It's January 6, 2002. The body of Yoshino, a female insurance saleswoman, is found at Mitsue Pass, an eery inland spot in the southernmost region of Japan, rumoured to be home to ghosts. A young construction worker, Yuichi, is soon arrested by the Nagasaki police on suspicion of strangling the victim.
I had no idea what to expect when I sat down to read VILLAIN, although the Japan Book News quote on the back of the book "... lays out a panorama of modern Japanese society, a patchwork composed of people of various classes and occupations..." really appealed. And the book most definitely did not disappoint.
Intricate, telling, tightly woven, tense and yet somehow languid and flowing, VILLAIN was an outstanding read.
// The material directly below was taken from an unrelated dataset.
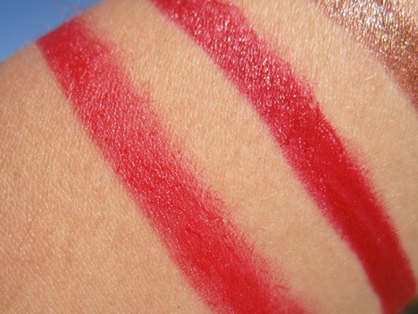 I got to test out Red Velvet and Red Label. The colors are a deep red with a hint of pink (on me, anyways) and a bright red with a hint of pink (again, on me–your body chemistry may react differently), respectively. Both gave a pop of drama–the colors are lovely. The staying power is fairly decent, too, though this is the ONLY lipstick I’ve ever had “feather” on me. I’ve never had a lipstick do that before and I didn’t know what was up with that–this seriously traveled on me. Also, I’ve had a series of allergic reactions to a few Milani products now and this one made my lips burn and then when I took this off, my lips were very dry–like the moisture was sucked out of them dry. Then there was the smell–artificial grape and some perfume-y chemical smell–like grapes and detergent. It made me nauseous. I’m giving this 3 stars for great colors and wearing power and for price, deducting 2 stars for feathering and the smell. Sadly, this was not a “win” for me :(
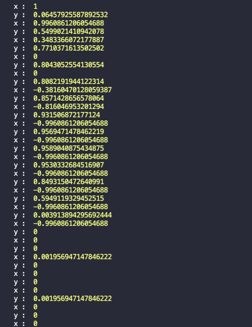 Try running the program, and you’ll see the left/right/up/down/still words being printed instead of the actual coordinates numbers:

Not just because of the way that the identity of the murderer slowly creeps up on you, but also because of the way the various voices of the characters grab the reader and hold your attention. I understand from a chat with a friend of mine that the original Japanese version may have used particular dialects or very individual voices for each of the characters that clearly transmits their origins / position in society. That aspect isn't as obvious in the English version, but there are still enough elements in the style to make you realise there are differences.
VILLAIN is not a whodunnit nor is it a book about justice, revenge or resolution. It's more about the life choices that can quickly turn one person into a victim and another into a murderer. It's also a rather telling look at a lot of aspects of Japanese society - pressure on the young to conform, and how so many of those societal "norms" result in a quiet sort of despair - a longing for connection. It also shows how the stratas of society impact that. There are aspects of the life of the elderly which are held up to scrutiny as well - ultimately this is not a book which pulls much in the way of punches as it looks at the lives of most of the characters.
Whilst this book is definitely a thriller, it's a slow burning, dark and quite moving. The action is pushed along in a series of chapters told in the different voices of the characters, frequently in differing timeframes as the reader is taken backwards and forwards before the death of Yoshino and after. Yoshino, a young woman strangely lost somewhere between her daytime job as an insurance saleswoman and her night-time activities which veer closely towards a sort of casual prostitution, but always with this clanging sense of a search for love, acceptance, connection. Her background of loving, albeit marginalised parents, is contrasted strongly by that of the man she meets via an on-line dating service. Yuichi is a young man with much to resent in his life. Dumped by his mother into the care of his grandparents as a very young child, he now works in construction and struggles with the role of support to those now ailing grandparents. Yuichi's expression of individuality is all in his car, his love life as bleak and opportunistic as Yoshino. These two somehow seem to be destined, in other ways you can feel the tension as both of them struggle against the reality of their likely fates versus their ultimate desires.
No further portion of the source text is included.